§ Exercise objective
Go to the line that contains "Ban, Katar'ın başkenti" in the records below and repeat it, and each line after it, exactly through the end, omitting pictures.

═══ Data extract ═══

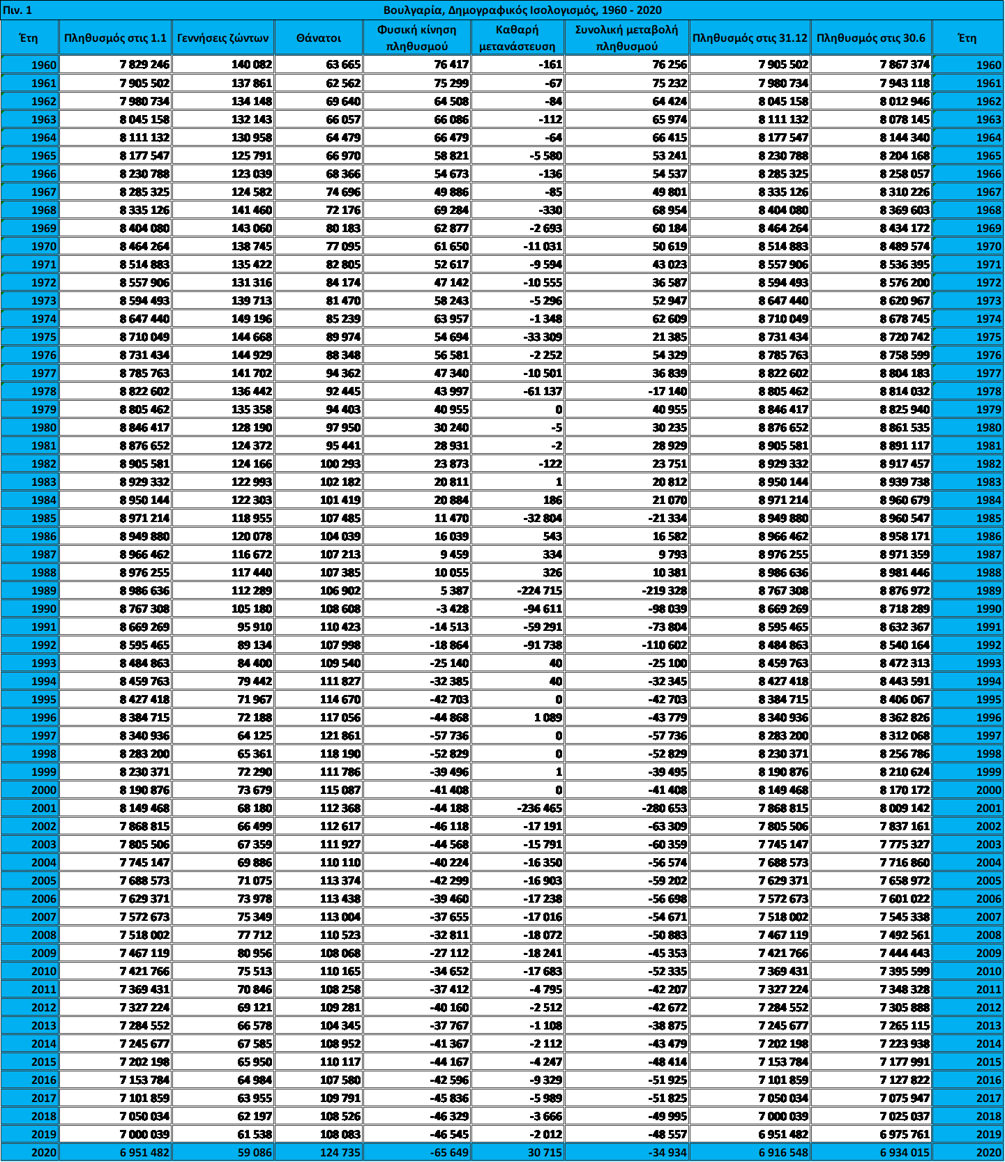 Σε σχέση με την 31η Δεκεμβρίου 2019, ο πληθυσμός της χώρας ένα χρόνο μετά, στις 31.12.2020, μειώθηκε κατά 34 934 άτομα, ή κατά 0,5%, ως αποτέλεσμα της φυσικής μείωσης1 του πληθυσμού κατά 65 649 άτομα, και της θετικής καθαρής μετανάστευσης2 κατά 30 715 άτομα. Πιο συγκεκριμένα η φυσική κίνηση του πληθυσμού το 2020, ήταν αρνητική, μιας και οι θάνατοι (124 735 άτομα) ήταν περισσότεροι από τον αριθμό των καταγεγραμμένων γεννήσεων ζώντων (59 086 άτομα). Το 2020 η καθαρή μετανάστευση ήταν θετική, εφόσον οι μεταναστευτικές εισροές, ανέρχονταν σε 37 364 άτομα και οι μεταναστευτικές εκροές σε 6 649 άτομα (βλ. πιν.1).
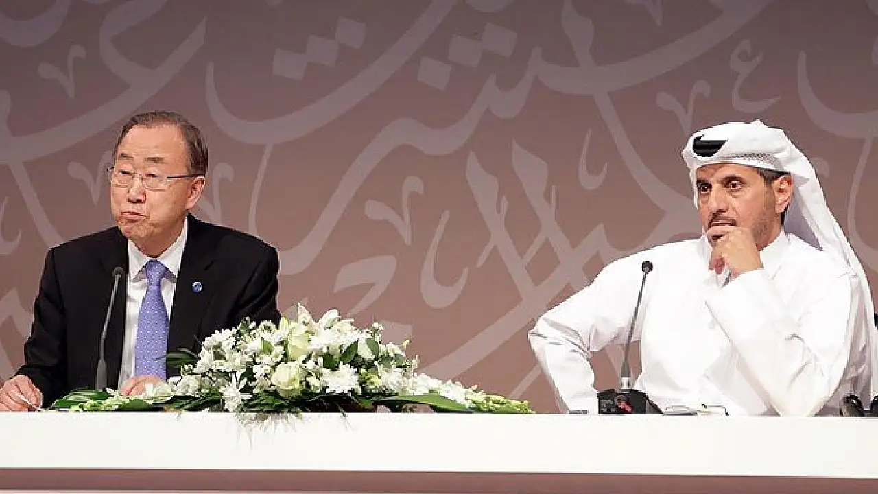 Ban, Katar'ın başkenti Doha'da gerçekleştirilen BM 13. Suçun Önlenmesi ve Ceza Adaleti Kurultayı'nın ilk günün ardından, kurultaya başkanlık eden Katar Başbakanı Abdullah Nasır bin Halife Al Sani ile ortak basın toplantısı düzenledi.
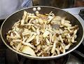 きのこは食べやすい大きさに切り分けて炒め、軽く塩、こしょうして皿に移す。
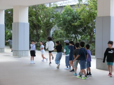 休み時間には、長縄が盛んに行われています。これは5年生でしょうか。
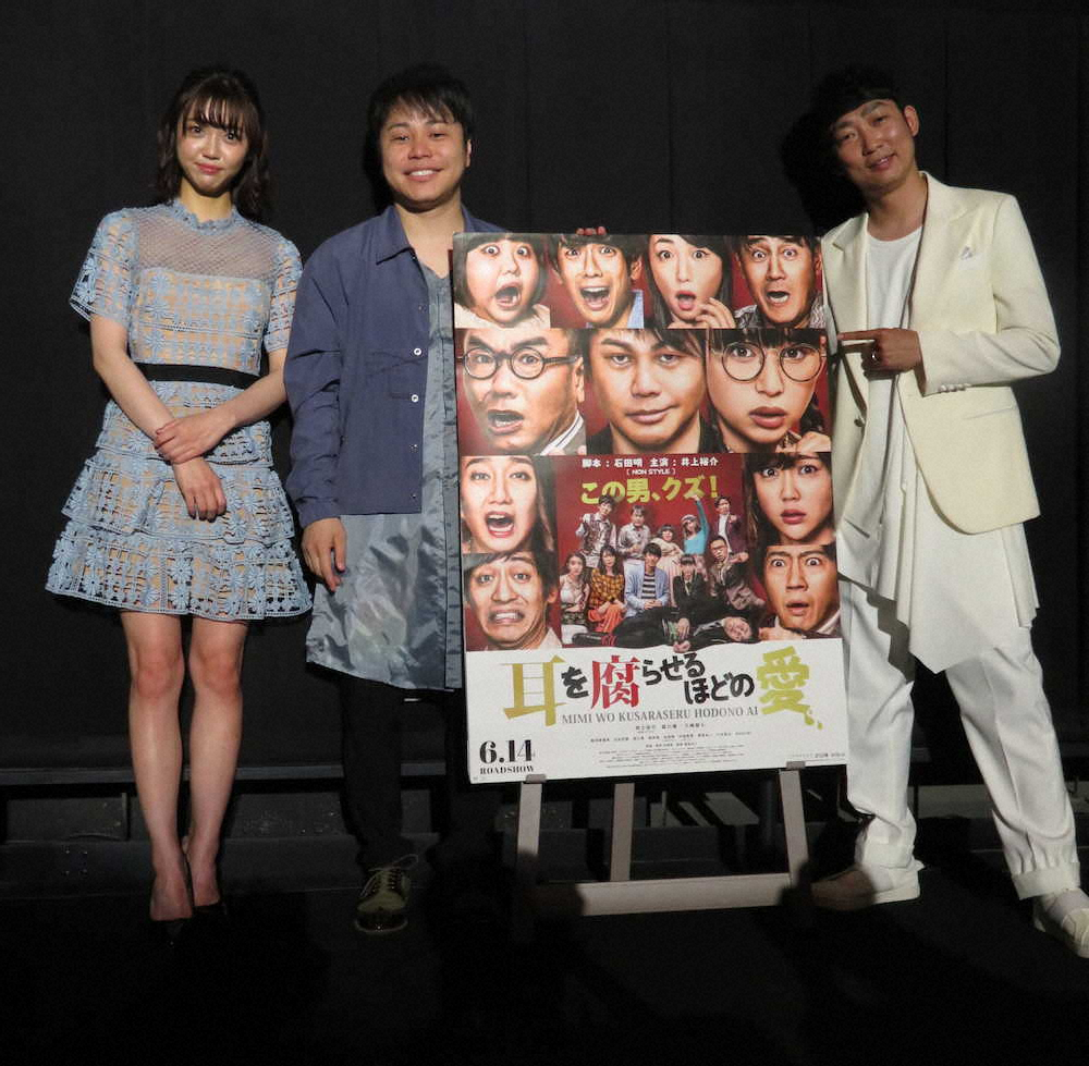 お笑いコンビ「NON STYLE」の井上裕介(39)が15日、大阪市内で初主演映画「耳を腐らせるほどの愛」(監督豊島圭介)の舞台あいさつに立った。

═══

§ Written response
 Ban, Katar'ın başkenti Doha'da gerçekleştirilen BM 13. Suçun Önlenmesi ve Ceza Adaleti Kurultayı'nın ilk günün ardından, kurultaya başkanlık eden Katar Başbakanı Abdullah Nasır bin Halife Al Sani ile ortak basın toplantısı düzenledi.
 きのこは食べやすい大きさに切り分けて炒め、軽く塩、こしょうして皿に移す。
 休み時間には、長縄が盛んに行われています。これは5年生でしょうか。
 お笑いコンビ「NON STYLE」の井上裕介(39)が15日、大阪市内で初主演映画「耳を腐らせるほどの愛」(監督豊島圭介)の舞台あいさつに立った。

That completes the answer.